I've been following practically every development on this god-forsaken thing for nearly two years now. Two freaking years! And there is nothing more obvious to me than the fact that the government's touted savior, aka the vаccine, is not doing what it's supposed to.

That's not just my opinion either, this was even recently admitted by Dr. Anthony Fauci himself.

Yahoo reported:

On Nov. 12, White House CΟVID adviser Anthony Fauci, MD, went on The New York Times’ podcast The Daily to discuss the current state of the coronavirus in the U.S. According to Fauci, officials are now starting to see some waning immunity against both infection and hospitalization several months after initial vaccination. The infectious disease expert pointed toward incoming data from Israel, which he noted tends to be about a month to a month and a half ahead of us in terms of the outbreak.

“They are seeing a waning of immunity not only against infection but against hospitalization and to some extent death, which is starting to now involve all age groups.
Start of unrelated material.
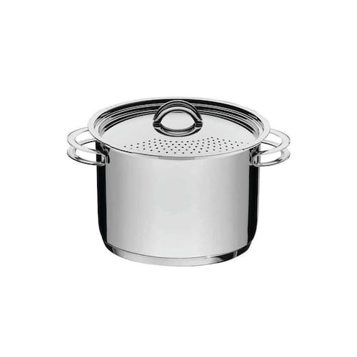 Fazer macarrão já é fácil, mas com a Espagueteira Tramontina em Aço Inox Fundo Triplo com Tampa e Alças 24 cm de diâmetro 7,7 L fica ainda mais fácil. Ela acompanha tampa com encaixe e furos para escorrer a água da massa, ou seja, você não irá precisar se preocupar com a tampa na hora de escorrer, já que ela pode ser fixada na panela. Além disso, seu brilho traz toda a elegância do aço inox, tornando a sua cozinha em um espaço ainda mais moderno. Um clássico da Tramontina, a Solar é símbolo de durabilidade e praticidade. Totalmente feita de aço inox, por isso não solta nenhum resíduo nos alimentos, mantendo-os saudáveis. Altamente durável, mantém as características originais, preservando a beleza, a higiene e a durabilidade do material. O fundo triplo (aço inox + alumínio + aço inox) distribui o calor uniformemente, proporcionando um cozimento mais rápido e uniforme, economizando energia e deixando os alimentos aquecidos por mais tempo. Possui design diferenciado e moderno, com acabamento em alto brilho. Tampa com encaixe perfeito e furos na mesma para escorrer a água da massa. Para fechar a tampa da espagueteira Solar posicione as 4 garras sobre os encaixes e gire a tampa até que a parte dos furos fique ao lado oposto das alças. Para escorrera água da massa, segure a panela pelas alças e vire-a. Pode ser lavada diariamente na máquina de lavar louças.Pode ser utilizada nos fogões: elétrico, gás, indução e vitrocerâmico. Observações A capacidade volumétrica máxima para cozimento é de 3/4 da capacidade total da peça.Antes do uso, remova as eventuais etiquetas presentes no produto, e em seguida recomendamos lavar. Use uma fonte de calor sempre baixa, para evitar que o alimento grude no fundo da panela. O fundo triplo distribui uniformemente o calor, não sendo necessário o fogo alto. E, além disso, você economiza energia. Quando a panela for utilizada no fogão a gás, a chama não deve ultrapassar a base da panela. No caso de uso de chapa elétrica, a chapa deverá ter diâmetro igual ou inferior ao da panela. Não aqueça o alimento colocando uma panela ou qualquer utensílio do mesmo diâmetro um sobre o outro. Esse procedimento é perigoso, pois cria vácuo e impossibilita a retirada. Não deixe a panela vazia sobre uma fonte de calor. Sempre dissolva o sal em água fervendo ou com os alimentos, mexendo os ingredientes no início do cozimento. Alguns alimentos que possuem amido, como massa e arroz, poderão deixar manchas na parte interna da panela durante o cozimento. Para remover facilmente as manchas, passe um pano umedecido com suco de limão ou vinagre, ou use a pasta Tramontina para polir e remover manchas. Evite deixar alimento na panela por muito tempo; o sal também pode provocar manchas e corrosão. Para que a panela de aço inox fique sempre bonita e com brilho, recomendamos que seja lavada somente com detergente neutro e esponja. Além disso, nas partes foscas da panela pode-se utilizar o lado mais abrasivo da esponja com saponáceo líquido, para remover as manchas mais difíceis. Depois da lavagem, sempre que possível, enxágue a panela com água quente e seque-a imediatamente, para que ela mantenha o brilho original, pois o cloro e as substâncias contidas na água podem deixar manchas na panela. Nas panelas/tampas cujo sistema de fixação utiliza parafuso, com o tempo de uso, ele poderá afrouxar-se. Recomenda-se, por segurança, o reaperto. Pode ir ao forno em temperatura máxima de 260°C, podendo haver mudança na coloração. As alças, pegadores e cabos aquecem durante o cozimento. Aconselhamos o uso de luvas ou pano no manuseio. É necessário cuidado ao manusear o produto, principalmente com alimentos ou líquidos quentes. Para sua segurança, utilize somente até a capacidade máxima indicada no fundo do produto. Características Gerais EAN13 7891116043042 DUN14 17891116043049 NCM 7323.93.00 Peso Líquido 2,3350 kg. Peso Bruto 2,6500 kg. Metragem 0,015290 m³. Dimensões Embalagem (Compr. X Larg. X Alt.) 278x 275x 200 mm. Dimensões Produto (Compr. X Larg. X Alt.) 332x 268x 216 mm. Diâmetro 24,0 cm. Capacidade 7,70 l. Espessura 0,7 mm.

It isn’t just the elderly,” Fauci said. “It’s waning to the point that you’re seeing more and more people getting breakthrough infections, and more and more of those people who are getting breakthrough infections are winding up in the hospital.”

As a result of these findings, Fauci warned that vaccinated people should get their booster shot, as it might actually be more important than health officials first realized. “If one looks back at this, one can say, do you know, it isn’t as if a booster is a bonus, but a booster might actually be an essential part of the primary regimen that people should have,” he said on The Daily.

Fauci went on to say, “I think … that the boosting is gonna be an absolutely essential component of our response, not a bonus, not a luxury, but an absolute essential part of the program.”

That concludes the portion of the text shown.